The apostle had endured strong temptation and terrible persecutions. He had been faithful and had dedicated his life to doing good works, specifically preaching the gospel among the Gentiles. He was certain that he had indeed overcome and would be given his crown of victory and honor when Christ returned.

The crown of life consists of eternal, imperishable living! It represents victory over our earlier, perishable life of sin. In the Millennium and for all eternity, we will wear our crown of life as an emblem of victory, righteousness, and honor as befits those who have been obedient and faithful to Christ.

Martin G. Collins
The Crown of Life

Revelation 10:1

There is no break between Revelation 10 and 11. Whoever made these chapter breaks missed the very obvious flow from one to the next. The chapter break would have been better inserted at Revelation 11:15, when the seventh trumpet sounds. It would have made for a long chapter 10, but it would have kept similar material together. Perhaps Satan had a hand in this, because the original Bible did not have chapter breaks. Maybe the Devil was able to influence some scribe somewhere to do this and confuse the interpretation of these prophecies. I do not know. However, we need to see these chapters as a whole.

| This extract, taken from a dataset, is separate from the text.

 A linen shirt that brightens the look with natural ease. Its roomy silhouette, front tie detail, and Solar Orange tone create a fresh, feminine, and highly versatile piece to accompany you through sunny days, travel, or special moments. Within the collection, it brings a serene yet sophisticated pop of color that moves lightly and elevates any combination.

This section is what we could call "an inset chapter" or "an inset passage." It is a digression from the main flow of the chronology - the main flow of events. It takes time out to explain an important subject so we can get caught up and understand what is happening more fully. There are several of these in Revelation: Chapter 12 discusses Israel and the persecutions that come upon it - and later the church, the Israel of God (Galatians 6:16) - by Satan. Another well-known one is chapter 17, about the harlot that rides the Beast, and chapter 18 is the description of Babylon. These insets give us important prophetic information that we need to know.

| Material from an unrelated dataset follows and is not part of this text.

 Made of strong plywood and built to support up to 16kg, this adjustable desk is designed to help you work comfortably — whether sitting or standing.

It is important that we understand this point. The seven thunders and the eating of the little book in chapter 10, as well as the measuring of the Temple and the Two Witnesses in chapter 11, are all part of one major subject. What is this major subject? If we know what the seven thunders are, what eating the little book is, what measuring the Temple is, and what the preaching of the Two Witnesses is, then it becomes quite clear. What do they all have in common? The message and the preaching of that message.

Revelation chapters 10 and 11, then, are an inset passage on the preaching and work of the church - especially its leadership, those messengers God has called to proclaim His Word.